Cuando vuelvo a Cortázar me siento cada vez más viejo, quizá porque cada vez es
más fácil leerlo. Quizá soy cada vez más un lector vigente. Quizá
pronto caducará mi jovialidad, mi precaria fe en ciertos aspectos de la
humanidad. El problema con Julio parece estar, para los hombres de
letras serios, en que es casi demasiado mainstream como para
tomarlo a consideración en los círculos de vanguardia internacional.
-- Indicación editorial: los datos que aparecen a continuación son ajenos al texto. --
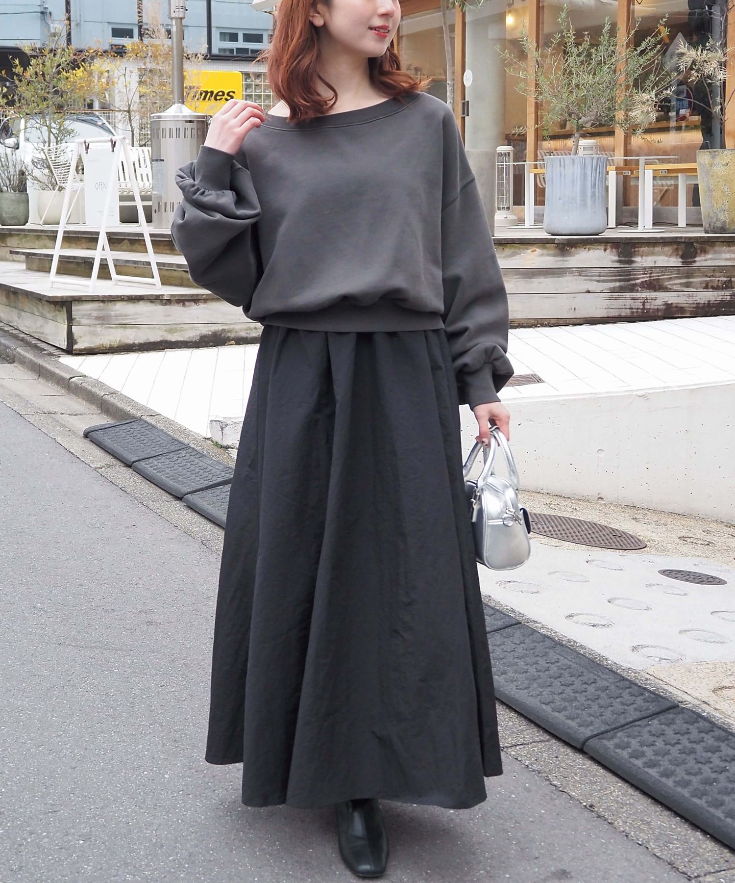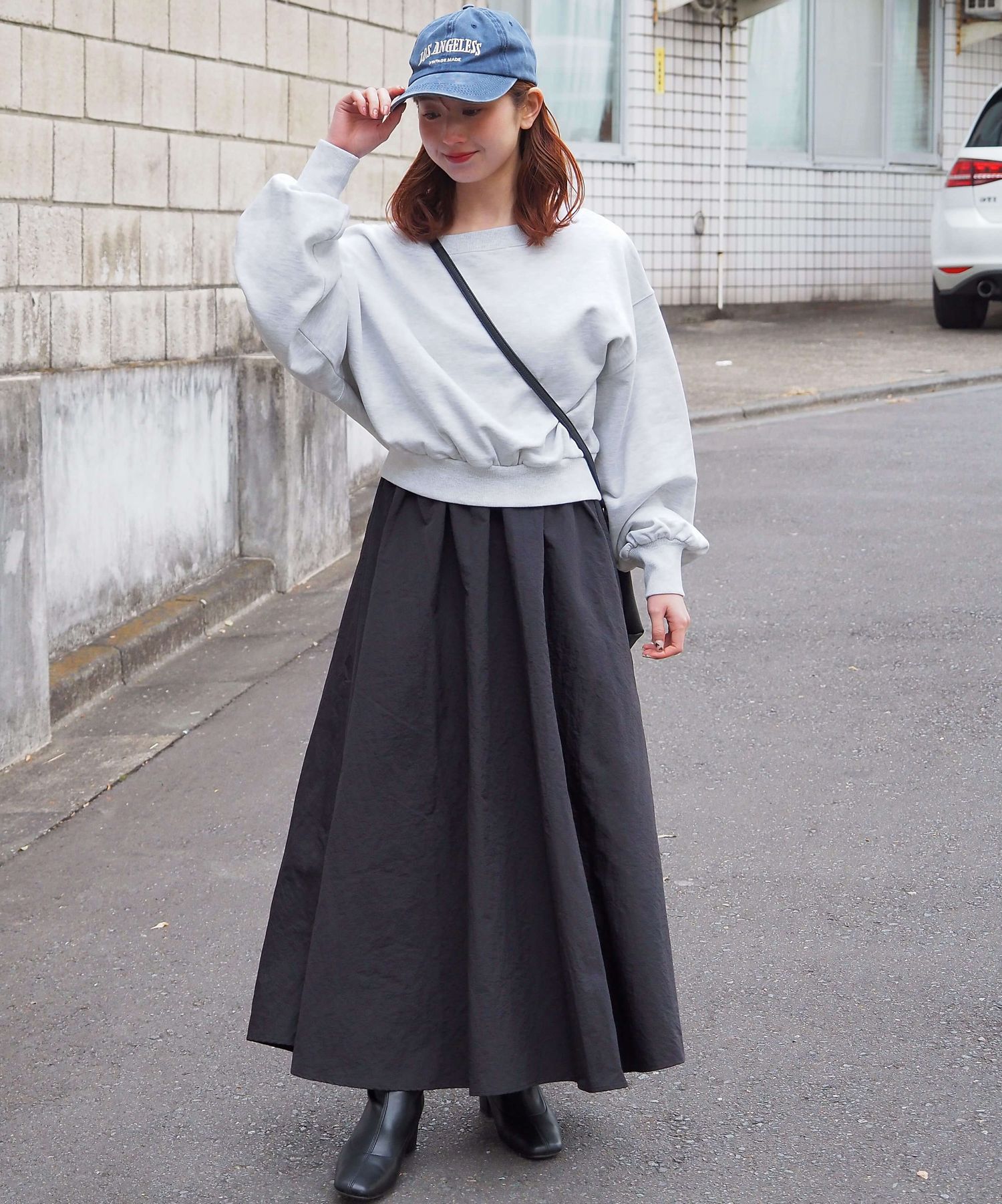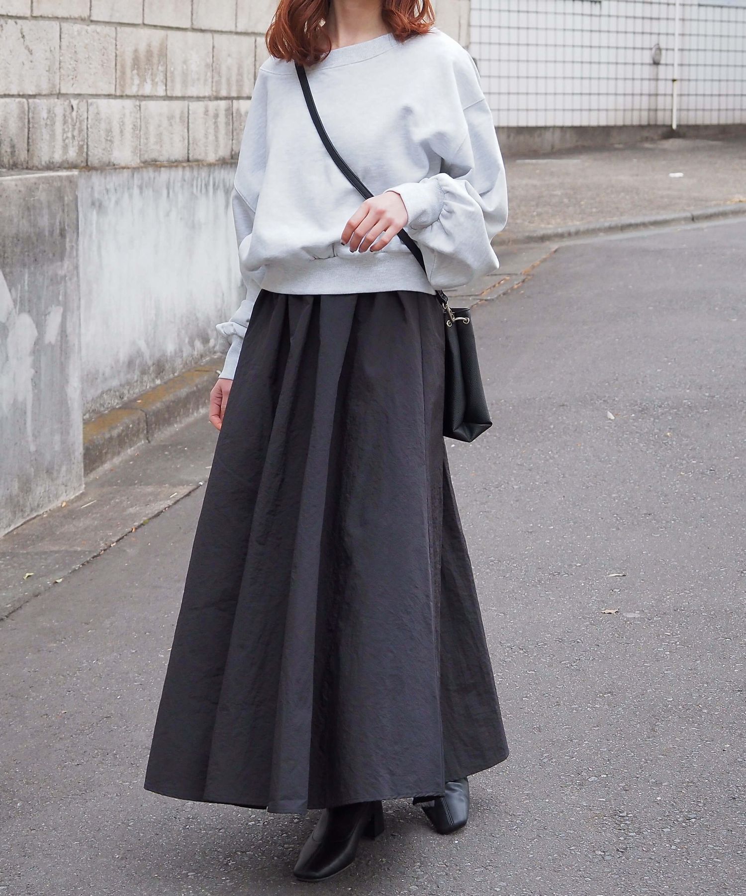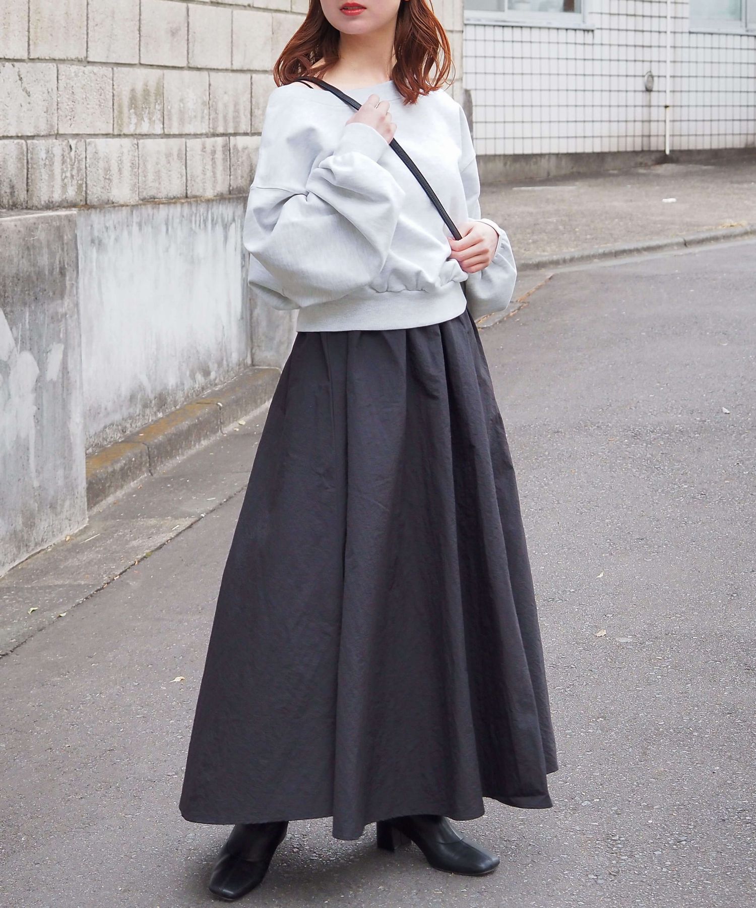 ・スカート部分は程よくカジュアル感も出る素材なので、幅広いシューズに馴染みます。ヒールやサンダルはもちろん、スニーカーでトレンドのスポーツミックスもおすすめです。

A
ellos hay que hablares de Joyce y Nabokov para arriba, e incluso Joyce parece
un pecado de tan leído y ordinario que resulta ponerlo como referencia.
Diré, por
último, que siento que a todos en el mundo nos gusta demasiado Cortázar.
Pero que este mismo gusto pasional, desenfrenado, deriva paulatinamente en una
complicidad que ya no va tan bien con los años, que tiene más que ver con el
sentirse contento y sin complejos de quien todavía no ha adquirido las
preocupaciones propias de saber más de lo que se sabía ayer, algo imposible
para un señor sabio y amargo que haya leído ya la obra completa del más
recóndito y probable próximo Nobel. Cortázar está en casi todo blog de
lengua española, disimulado y encubierto en el miedo de pasar por un
principiante, por alguien que todavía se deja sorprender. Está en su
ausencia, en la referencia tácita y temerosa de que el mundo es cada vez más y
más viejo, a diferencia de él, que nació, vivió y murió joven.
Todo ese snobismo de mundillos literarios que privilegian lo nuevo, lo vigente o lo que sea, uno se lo salta por encima con olímpica ligereza, porque aprendió a leer con García Márquez y a fabular con Quiroga, Borges y Cortázar. No quiero olvidar tampoco la honda impresión que me causó Paradiso de L.Lima. Emotiva y muy interesante lanza a favor de J.Cortázar, cuyo sentido del humor y ternura iban de la mano con una ironía delicada siempre, como en Buzzati, fruto de una mirada franca a la condición humana.